Work task.
For this exercise, output exactly and only the lines running from the one with "2025年10月27日(月)" through the final line of the data below, without pictures.

Supplied information.
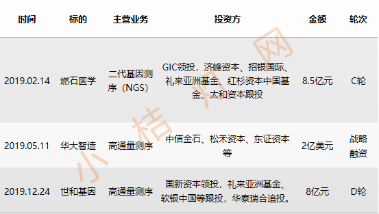 据统计,2019年体外诊断行业发生的融资事件数量不足2018年的50%,其中3笔超过8亿元的融资均发生在高通量测序领域,表现亮眼。
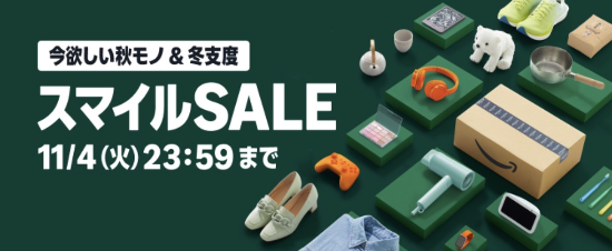 2025年10月27日(月)9:00〜11月4日(火)23:59の期間中、Amazon スマイルSALEとポイントアップキャンペーンが開催されます。
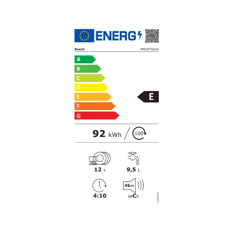 Σύμφωνα με τη νέα ενεργειακή κλάση ανήκει στη κλάση E. Η νέα κλίμακα ενεργειακής απόδοσης αποτελείται από τις κλάσεις A εώς G. Οι συσκευές με κλάση Α (πράσινες) είναι αυτές με τη μικρότερη κατανάλωση ενέργειας, ενώ οι συσκευές με κλάση G (κόκκινες) είναι αυτές με τη μεγαλύτερη κατανάλωση.

Output below.
 2025年10月27日(月)9:00〜11月4日(火)23:59の期間中、Amazon スマイルSALEとポイントアップキャンペーンが開催されます。
 Σύμφωνα με τη νέα ενεργειακή κλάση ανήκει στη κλάση E. Η νέα κλίμακα ενεργειακής απόδοσης αποτελείται από τις κλάσεις A εώς G. Οι συσκευές με κλάση Α (πράσινες) είναι αυτές με τη μικρότερη κατανάλωση ενέργειας, ενώ οι συσκευές με κλάση G (κόκκινες) είναι αυτές με τη μεγαλύτερη κατανάλωση.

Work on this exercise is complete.